Um Olhar Português
Textos de:
Regina Louro,
Francisco José Viegas, Mário Cláudio, Fernando DaCosta, Eugénio de Andrade, Fernando
Assis Pacheco, Hélia Correia, José Cardoso Pires, Mário Ventura, Al Berto,
Lídia Jorge, Viale Moutinho, João de Melo
Capa: João
Machado
Círculo de
Lisboa, Dezembro de 1991.
A vila de Peniche estava toda retalhada por água. Uma
pequena casa envelhecera mesmo dentro do mar, sobre um montículo de pedra e
sedimento. Os pássaros soltavam os seus gritos, feitos para superar o estrondo
das tormentas. Os barcos acolhiam-se ao redor do grande lombo de cimento e
rocha que com eles dormitava, num embalo.
- Foi uma ilha, sabe?
- O quê?
- Peniche.
Mas sob as rodas sentia-se a firmeza do alcatrão.

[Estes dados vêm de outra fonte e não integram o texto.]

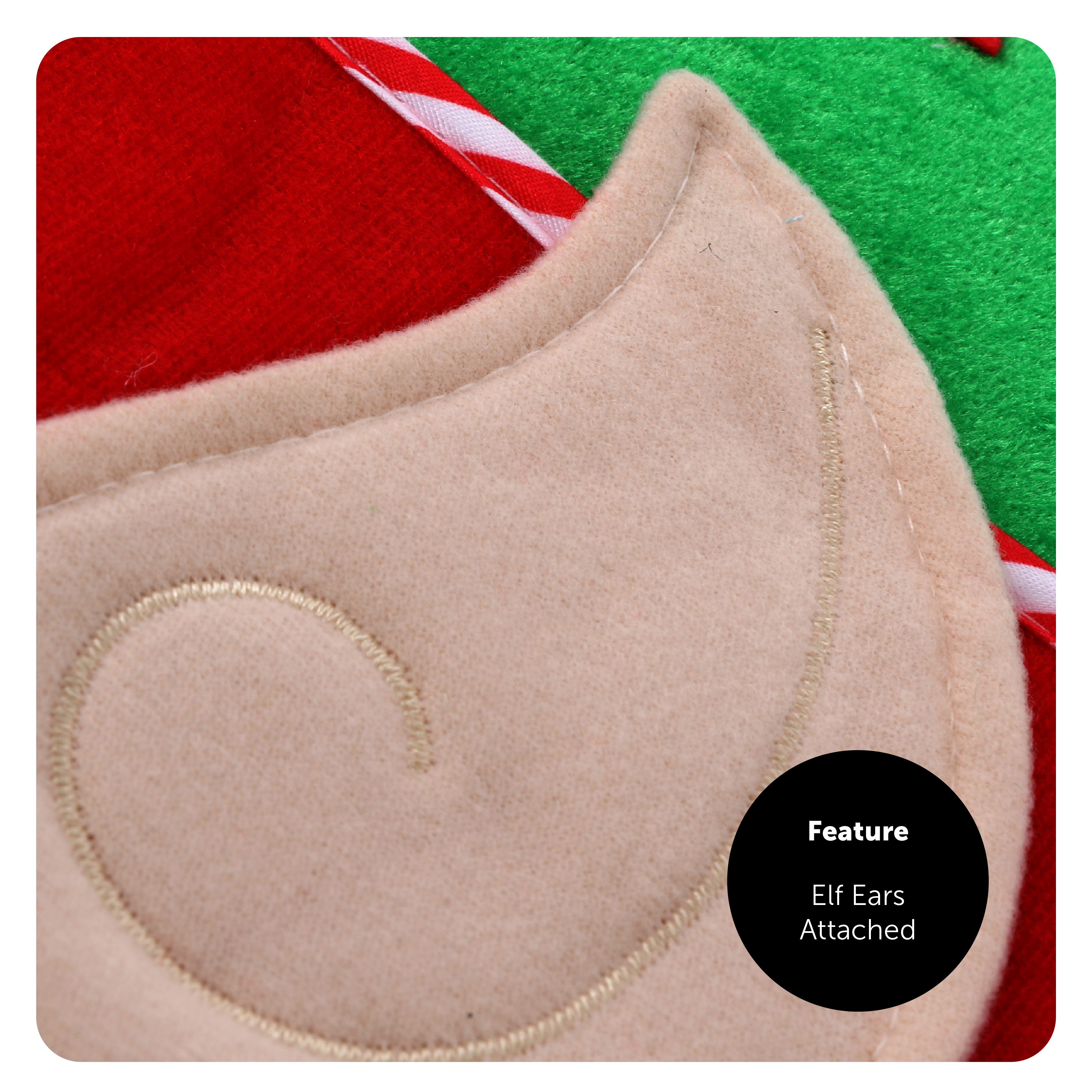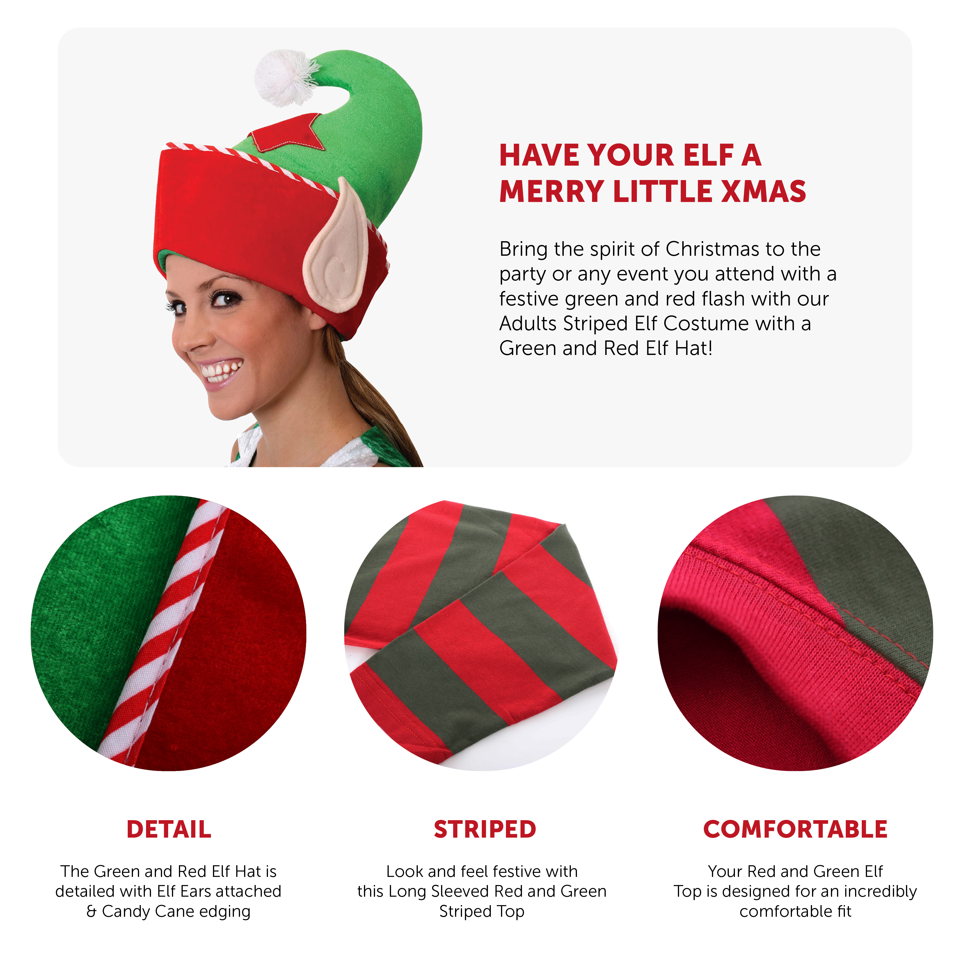 COSTUME DETAILS: Your Adults Elf Costume includes a long sleeved Top with Red and Green Stripes all over, and a tall Green Elf Hat with a Red Star on the front, Red and White Candy Cane styled edging, a White Pom-Pom and attached Elf Ears on either side!

Mário parou o carro junto ao forte que era agora um
museu da Resistência.
-Quer entrar? – perguntou.
- Não – disse a mãe. Parecia muito desinteressada.

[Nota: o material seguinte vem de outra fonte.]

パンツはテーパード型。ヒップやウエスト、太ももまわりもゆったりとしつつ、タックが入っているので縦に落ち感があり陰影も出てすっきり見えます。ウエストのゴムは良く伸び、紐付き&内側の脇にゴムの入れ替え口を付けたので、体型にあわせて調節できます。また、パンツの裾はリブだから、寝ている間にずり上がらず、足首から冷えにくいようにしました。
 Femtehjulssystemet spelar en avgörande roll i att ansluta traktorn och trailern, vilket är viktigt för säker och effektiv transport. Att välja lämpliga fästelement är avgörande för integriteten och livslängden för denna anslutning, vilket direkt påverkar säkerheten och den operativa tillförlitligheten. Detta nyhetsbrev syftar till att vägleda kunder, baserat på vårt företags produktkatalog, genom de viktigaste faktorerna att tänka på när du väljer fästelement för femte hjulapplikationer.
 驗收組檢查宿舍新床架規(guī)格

Talvez sentisse fome ou não quisesse, não suportasse recordar-se mais. Dava
aquela viagem por cumprida.
A prisão, pensou ele, tinha a matéria e a alma de um
rochedo. Estava misturada com as ondas. Talvez o seu avô se confortasse com
aquela presença familiar, talvez se distraísse com as fúrias e os arrulhos da
rebentação. Alguns homens haviam-se atirado, nadado para longe, confiando no
mar e não na terra para fugir. Isso fora ainda antes de ele nascer, supunha;
fora há muito tempo já. As coisas que os moveram, que os trouxeram para aqui,
também se consumiram e passaram. «Nunca conhecerei as suas vidas.»

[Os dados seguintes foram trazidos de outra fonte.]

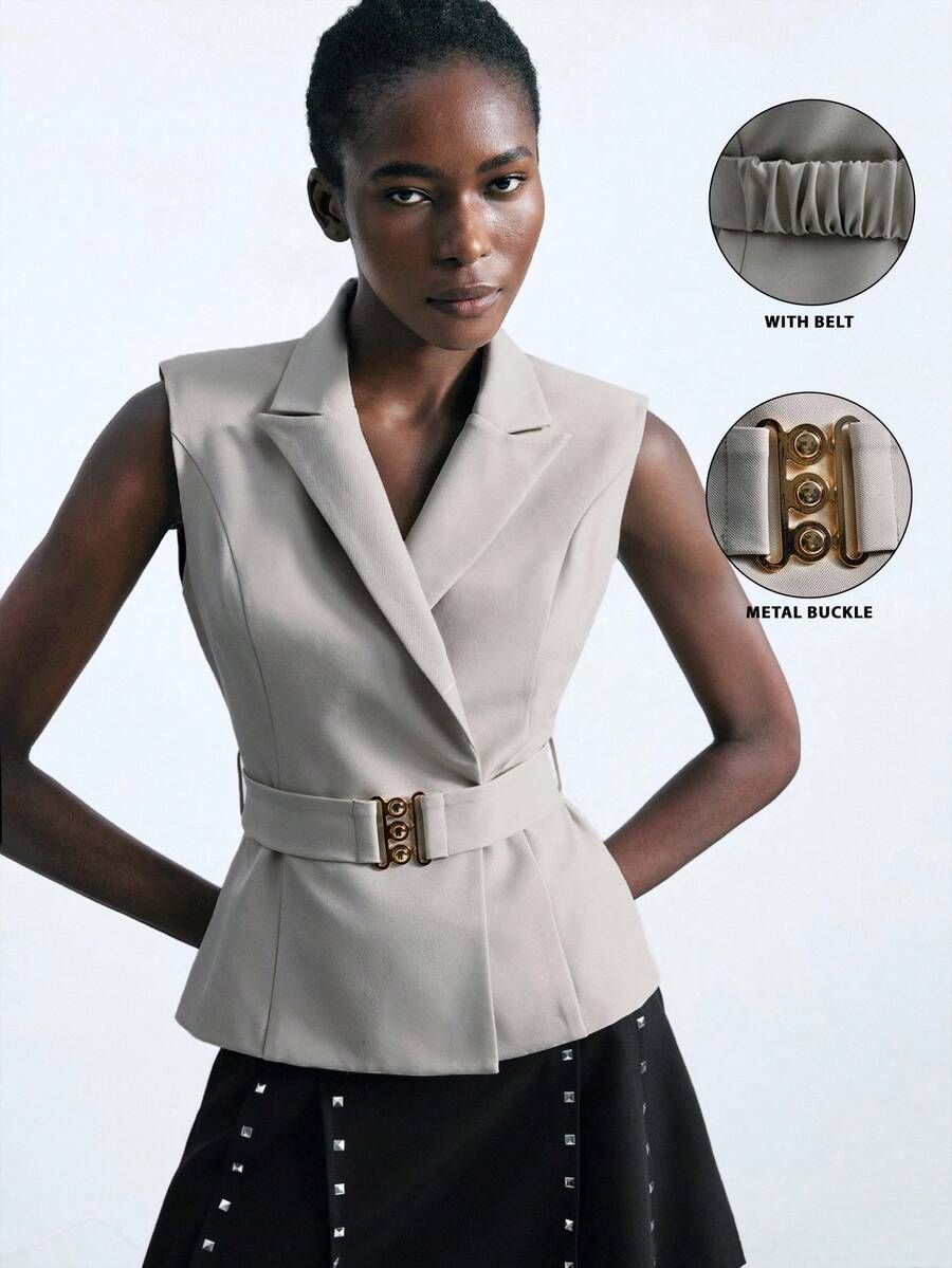 Maija 2025 金属扣设计翻领修身宽肩女背心无袖西装外套女背心女无袖S码秋冬女士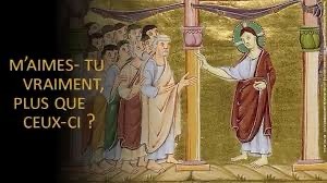 Jésus se manifesta encore aux disciples sur le bord de la mer de Tibériade. Quand ils eurent mangé, Jésus dit à Simon-Pierre : « Simon, fils de Jean, m’aimes-tu vraiment, plus que ceux-ci ? » Il lui répond : « Oui, Seigneur ! Toi, tu le sais : je t’aime. » Jésus lui dit : « Sois le berger de mes agneaux. »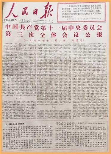 1978年12月24日,《人民日报》第一版刊发党的十一届三中全会公报。资料照片公报明确表示:“把全党工作的着重点和全国人民的注意力转移到社会主义现代化建设上来”“在自力更生的基础上积极发展同世界各国平等互利的经济合作”“根据党的历史的经验教训,全会决定健全党的民主集中制,健全党规党法,严肃党纪”……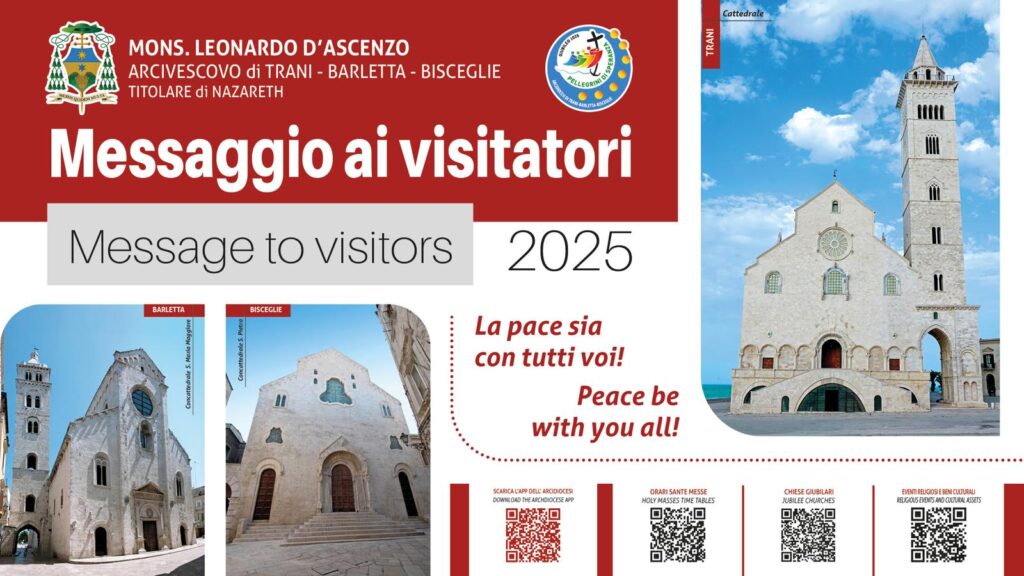 In Evidenza Sui passi di Don Pasquale: la storia prende vita al Museo Don Uva DALLA PANCIA E DAL CUORE – Incontro con l’autore Luca Russo Martedì 2 dicembre 2025 ore 19:45, Biblioteca “Il Granaio”, Parrocchia Santissima Trinità Barletta 𝐆𝐄𝐏 – 𝐆𝐢𝐨𝐫𝐧𝐚𝐭𝐞 𝐄𝐮𝐫𝐨𝐩𝐞𝐞 𝐝𝐞𝐥 𝐏𝐚𝐭𝐫𝐢𝐦𝐨𝐧𝐢𝐨 “𝑨𝒓𝒄𝒉𝒊𝒕𝒆𝒕𝒕𝒖𝒓𝒆: 𝒍❜𝒂𝒓𝒕𝒆 𝒅𝒊 𝒄𝒐𝒔𝒕𝒓𝒖𝒊𝒓𝒆” 𝐒𝐚𝐛𝐚𝐭𝐨 𝟐𝟕 𝐞 𝐝𝐨𝐦𝐞𝐧𝐢𝐜𝐚 𝟐𝟖 𝐬𝐞𝐭𝐭𝐞𝐦𝐛𝐫𝐞 - V𝐢𝐬𝐢𝐭𝐚 𝐠𝐮𝐢𝐝𝐚𝐭𝐚 alla S𝐢𝐧𝐚𝐠𝐨𝐠𝐚 𝐒𝐜𝐨𝐥𝐚 𝐆𝐫𝐚𝐧𝐝𝐞 𝐝𝐢 𝐓𝐫𝐚𝐧𝐢 A Barletta una serata dedicata a Padre Raffaele Di Bari, missionario comboniano e martire della fede DOMENICA 12 OTTOBRE IN DIOCESI LA GIORNATA DEL QUOTIDIANO “AVVENIRE” TURISMO PORTA DELL’EVANGELIZZAZIONE Roma 16- 19 Ottobre - IX Congresso Mondiale della Pastorale del Turismo - Wordl Congress on the Pastoral Care of Turism ARCHITETTURE: L’ARTE DI COSTRUIRE GIORNATE EUROPEE DEL PATRIMONIO 2025 TRANI 27 E 28 SETTEMBRE Storia e spiritualità alla scoperta della Cattedrale e del Museo diocesano di Bisceglie Inventariazione informatizzata dei beni artistici e storici. Validazione e conclusione della procedura di schedatura e catalogazione. Visite guidate alla Basilica in occasione del Giubileo 2025 BISCEGLIE - Domenica 14 settembre 2025 dall'Ufficio 3 Dicembre 2025 Sui passi di Don Pasquale: la storia prende vita al Museo Don Uva 26 Novembre 2025 DALLA PANCIA E DAL CUORE – Incontro con l’autore Luca Russo 22 Ottobre 2025 𝐆𝐄𝐏 – 𝐆𝐢𝐨𝐫𝐧𝐚𝐭𝐞 𝐄𝐮𝐫𝐨𝐩𝐞𝐞 𝐝𝐞𝐥 𝐏𝐚𝐭𝐫𝐢𝐦𝐨𝐧𝐢𝐨 “𝑨𝒓𝒄𝒉𝒊𝒕𝒆𝒕𝒕𝒖𝒓𝒆: 𝒍❜𝒂𝒓𝒕𝒆 𝒅𝒊 𝒄𝒐𝒔𝒕𝒓𝒖𝒊𝒓𝒆” 13 Ottobre 2025 A Barletta una serata dedicata a Padre Raffaele Di Bari, missionario comboniano e martire della fede Archivio "in Diocesi" Il tuo browser non supporta i frame Media Cattolici

Arrancou devagar, contra o sol baixo.
- No Verão, é tudo bem diferente – disse a mãe. – Há muita
gente, os dias são compridos. Espero que fosse Verão quando ele vinha. Hás-de
pintar um qiadro do Verão.
Mário riu-se:
- Para quê? A mão não gosta.
- Gosto – respondeu ela. – Não entendo, mas nós nunca entendemos muita coisa.